Records excerpted from a collection
• • • •
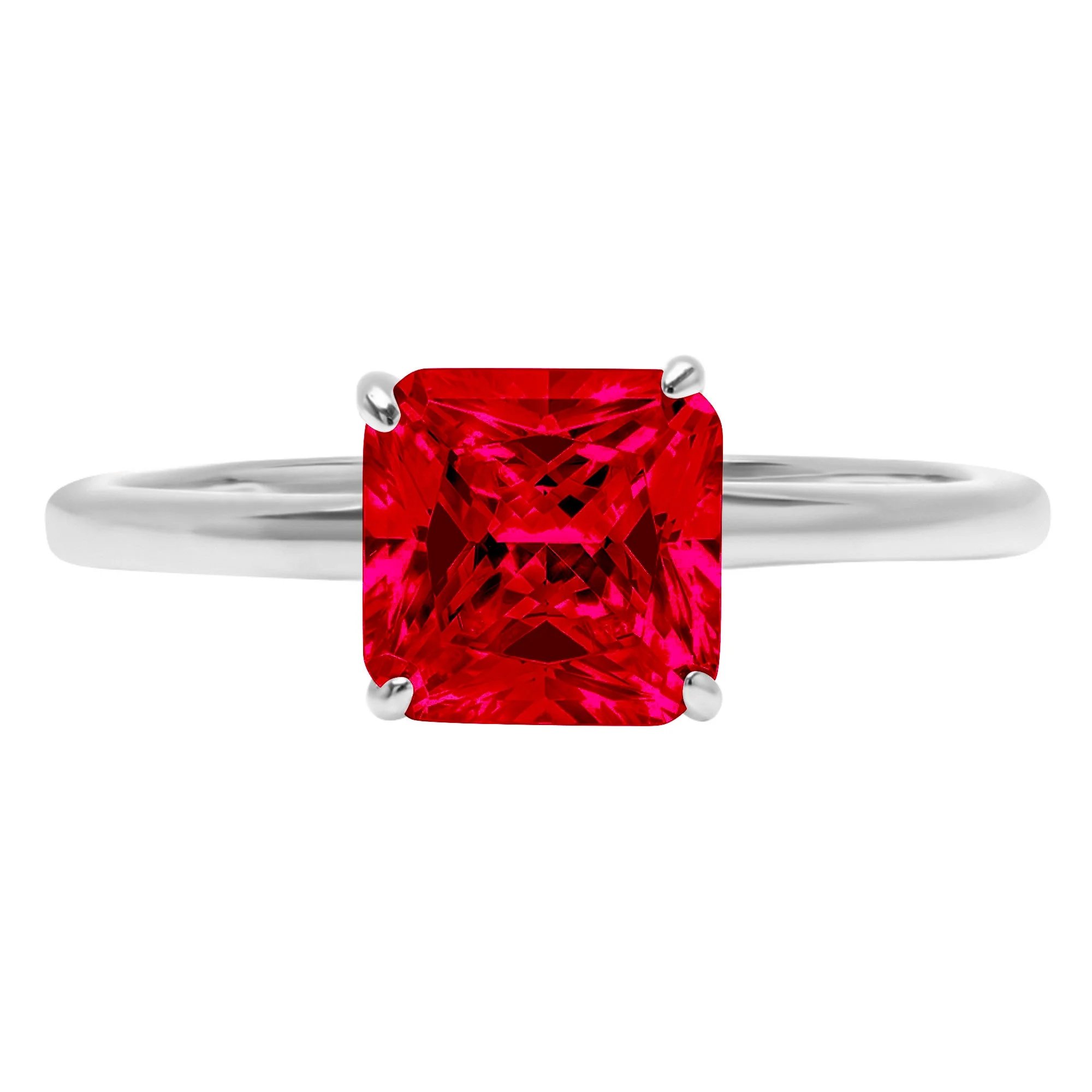 1.5ct asscher cut red simulated ruby 14k white gold anniversary engagement ring size 9.5
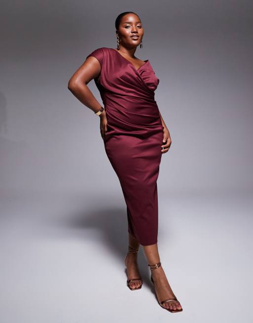 ASOS DESIGN Curve - Robe cache-coeur mi-longue structurée et drapée à mancherons - Baie foncé
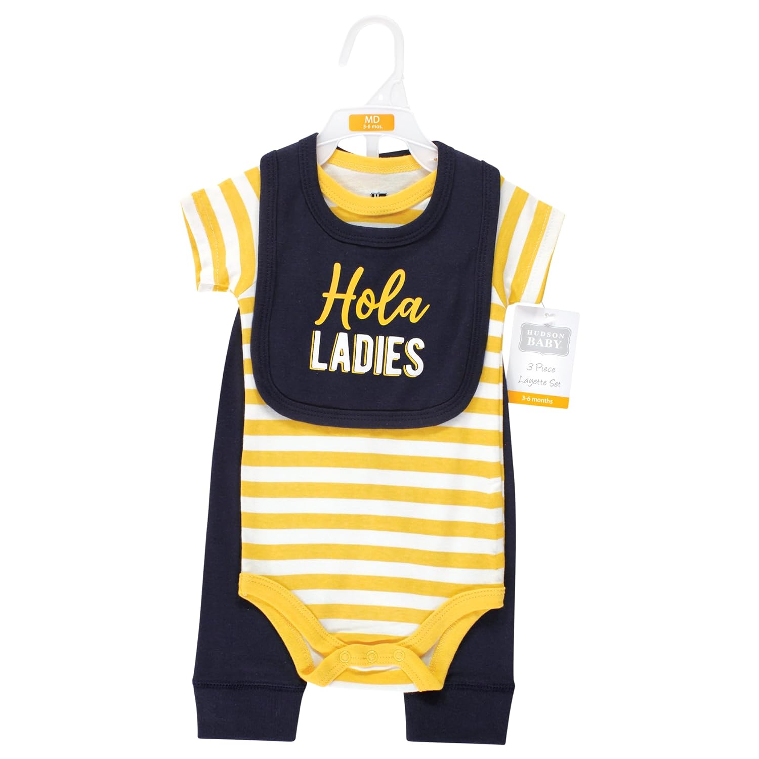 Hudson Baby Unisex Baby Cotton Bodysuit, Pant and Bib Set, Hola Ladies, 6-9 Months(Hudson Baby Unisex Baby Cotton Bodysuit, Pant and Bib Set, Hola Ladies, 6-9 Months)
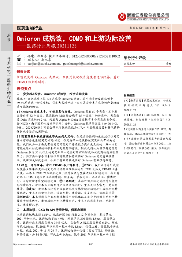 【浙商证券】【20211128】医药行业周报:Omicron成热议,CDMO和上游边际改善-15页
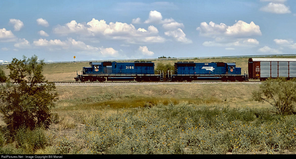 This is still mesquite and prairie grass in August, 1977, as Missouri Pacific 3186 heads to Fort Worth with another load of autos from the General Motors plant in Grand Prairie. The second unit, 3140, proudly wears on its flanks the road’s handsome “Screaming Eagle” logo, created in 1964 to distinguish turbocharged power, but the lead unit got a smaller version under the cab window with the eagle superimposed over the road’s famous red buzzsaw emblem. The turbocharged SD40-2’s, 1975 and 1974 products of EMD, are running on Texas & Pacific track laid down a little over one hundred years ago, in 1876.
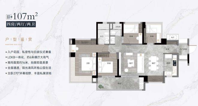 改善主流版户型:大面宽、双阳台、多套房设计,适合改善型家庭,居住舒适度拉满。
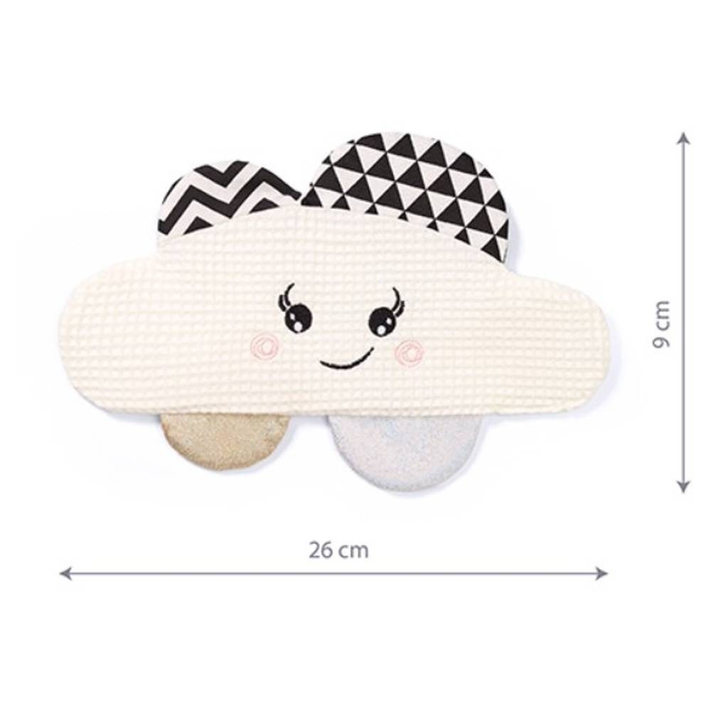 Šustík ve tvaru obláčku stimuluje rozvoj smyslů dítěte hrou. Tento mazlíček a hračka v jednom je vyroben z měkké bavlny. Uvnitř je šustící výplň. Šustění pomáhá procvičovat koordinaci různých smyslů. Podporuje kognitivní schopnosti kojence. Různé textury stimulují rozvoj hmatu. Kontrastní barvy a vzory stimulují smysl pro zrak a velké oči a příjemný úsměv podněcují mrak k aktivitě.
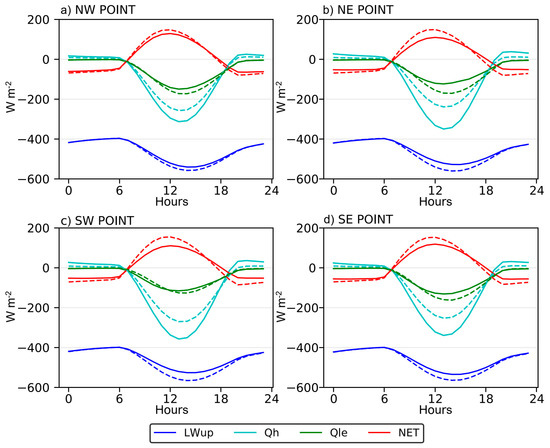 Components of the surface energy balance at the surface in the control (solid lines) and revised (dashed lines) simulations. Longwave upward radiation (LWup, blue), sensible heat flux (Qh, cyan), latent heat flux (Qle, green) and the surface net flux (NET = SWnet + LWnet + Qh + Qle, solid red). The fluxes sign conventions indicate fluxes to the surface as positive and fluxes leaving the surface as negative. The downward and net solar radiation (SWdown, SWnet) and longwave downward radiation (LWdown) are identical in both simulations and are represented in Figure S7. Each panel represents one of the 4 points of the Southern Portugal domain (a) North West, (b) North East, (c) South West (d) South East (see Figure S1)
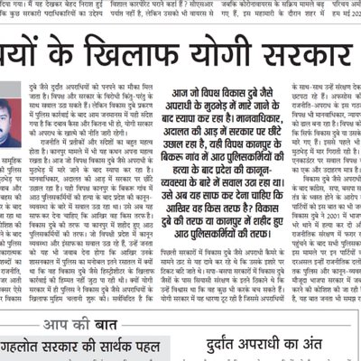 कानपुर प्रकरण में पुलिस की कार्रवाई पर विपक्ष जितना भी हल्ला करे, लेकिन जनता में यह संदेश साफ गया है कि मुख्यमंत्री श्री @myogiadityanath जी के रहते प्रदेश में अपराधियों और उनके संरक्षकों के लिए कोई जगह नहीं है। पढ़ें श्री पंकज श्रीवास्तव जी का यह लेख- https://t.co/ciNmqqm1QTChitra Tripathi
• • • •
EXERCISE GOAL:
Please output the entries above exactly, leaving out every picture.

EXERCISE SOLUTION:
 1.5ct asscher cut red simulated ruby 14k white gold anniversary engagement ring size 9.5
 ASOS DESIGN Curve - Robe cache-coeur mi-longue structurée et drapée à mancherons - Baie foncé
 Hudson Baby Unisex Baby Cotton Bodysuit, Pant and Bib Set, Hola Ladies, 6-9 Months(Hudson Baby Unisex Baby Cotton Bodysuit, Pant and Bib Set, Hola Ladies, 6-9 Months)
 【浙商证券】【20211128】医药行业周报:Omicron成热议,CDMO和上游边际改善-15页
 This is still mesquite and prairie grass in August, 1977, as Missouri Pacific 3186 heads to Fort Worth with another load of autos from the General Motors plant in Grand Prairie. The second unit, 3140, proudly wears on its flanks the road’s handsome “Screaming Eagle” logo, created in 1964 to distinguish turbocharged power, but the lead unit got a smaller version under the cab window with the eagle superimposed over the road’s famous red buzzsaw emblem. The turbocharged SD40-2’s, 1975 and 1974 products of EMD, are running on Texas & Pacific track laid down a little over one hundred years ago, in 1876.
 改善主流版户型:大面宽、双阳台、多套房设计,适合改善型家庭,居住舒适度拉满。
 Šustík ve tvaru obláčku stimuluje rozvoj smyslů dítěte hrou. Tento mazlíček a hračka v jednom je vyroben z měkké bavlny. Uvnitř je šustící výplň. Šustění pomáhá procvičovat koordinaci různých smyslů. Podporuje kognitivní schopnosti kojence. Různé textury stimulují rozvoj hmatu. Kontrastní barvy a vzory stimulují smysl pro zrak a velké oči a příjemný úsměv podněcují mrak k aktivitě.
 Components of the surface energy balance at the surface in the control (solid lines) and revised (dashed lines) simulations. Longwave upward radiation (LWup, blue), sensible heat flux (Qh, cyan), latent heat flux (Qle, green) and the surface net flux (NET = SWnet + LWnet + Qh + Qle, solid red). The fluxes sign conventions indicate fluxes to the surface as positive and fluxes leaving the surface as negative. The downward and net solar radiation (SWdown, SWnet) and longwave downward radiation (LWdown) are identical in both simulations and are represented in Figure S7. Each panel represents one of the 4 points of the Southern Portugal domain (a) North West, (b) North East, (c) South West (d) South East (see Figure S1)
 कानपुर प्रकरण में पुलिस की कार्रवाई पर विपक्ष जितना भी हल्ला करे, लेकिन जनता में यह संदेश साफ गया है कि मुख्यमंत्री श्री @myogiadityanath जी के रहते प्रदेश में अपराधियों और उनके संरक्षकों के लिए कोई जगह नहीं है। पढ़ें श्री पंकज श्रीवास्तव जी का यह लेख- https://t.co/ciNmqqm1QTChitra Tripathi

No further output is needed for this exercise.